Ivan Lozenkov

Personal information
- Full name: Ivan Sergeyevich Lozenkov
- Date of birth: 14 April 1984 (age 40)
- Place of birth: Leningrad, Russian SFSR
- Height: 1.85 m (6 ft 1 in)
- Position(s): Defender

Senior career*
- Years: Team / Apps / (Gls)
- 2003: Zenit / 0 / (0)
- 2004: Zenit-2 / 25 / (0)
- 2005–2006: Spartak Kostroma / 52 / (1)
- 2007: Tekstilshchik-Telekom / 28 / (0)
- 2008: Metallurg-Kuzbass / 8 / (0)
- 2008: Dynamo St. Petersburg / 11 / (0)
- 2009: Smena-Zenit / 19 / (0)
- 2009: Dynamo St. Petersburg / 12 / (0)
- 2010–2011: Dynamo Vologda / 59 / (2)
- 2012: Dnepr Smolensk / 8 / (0)
- 2012–2015: Arsenal Tula / 55 / (1)
- 2015–2016: Sokol Saratov / 20 / (0)
- 2016: Sochi / 10 / (0)
- 2017: Kaluga / 6 / (0)
- 2020: Zvezda St. Petersburg / 9 / (0)

= Ivan Lozenkov =

Russian footballer

Ivan Sergeyevich Lozenkov (Иван Серге́евич Лозенков; born 14 April 1984) is a Russian former professional football player.

==Club career==
He played for the main squad of Zenit St. Petersburg in the Russian Premier League Cup.

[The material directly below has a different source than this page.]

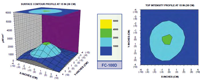 FC-100配聚光濾色片,紫外強(qiáng)度達(dá)5000µW/cm²(在15"/38cm距離)?br> FC-100D配散光濾色片,紫外強(qiáng)度達(dá)2200µW/cm²(在15"/38cm距離)。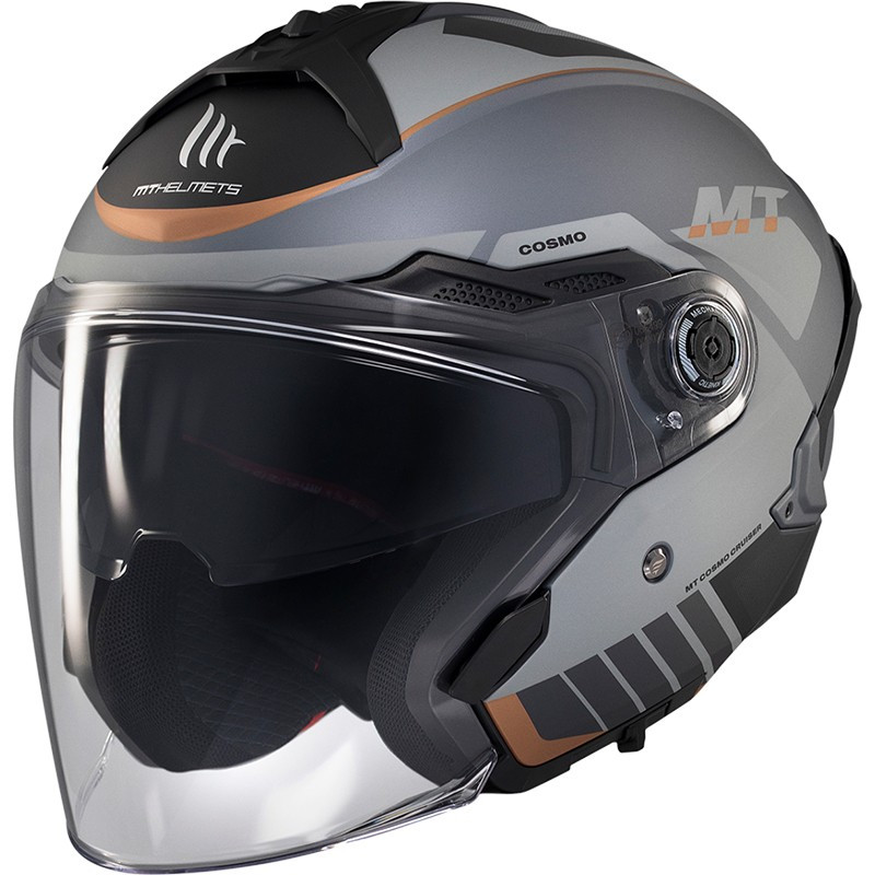 La marca española MT Helmets, te ofrece su casco de moto jet de policarbonato homologado CE 22.06 con pantalla solar interna, el Cosmo SV Cruiser.

In October 2009, he received a contusion when a fan threw a firecracker at him from the stands. Early in 2009, he played for the farm club of Zenit called Smena-Zenit and was the team's captain. Zenit fans considered him transferring to the rival Dynamo St. Petersburg team as betrayal.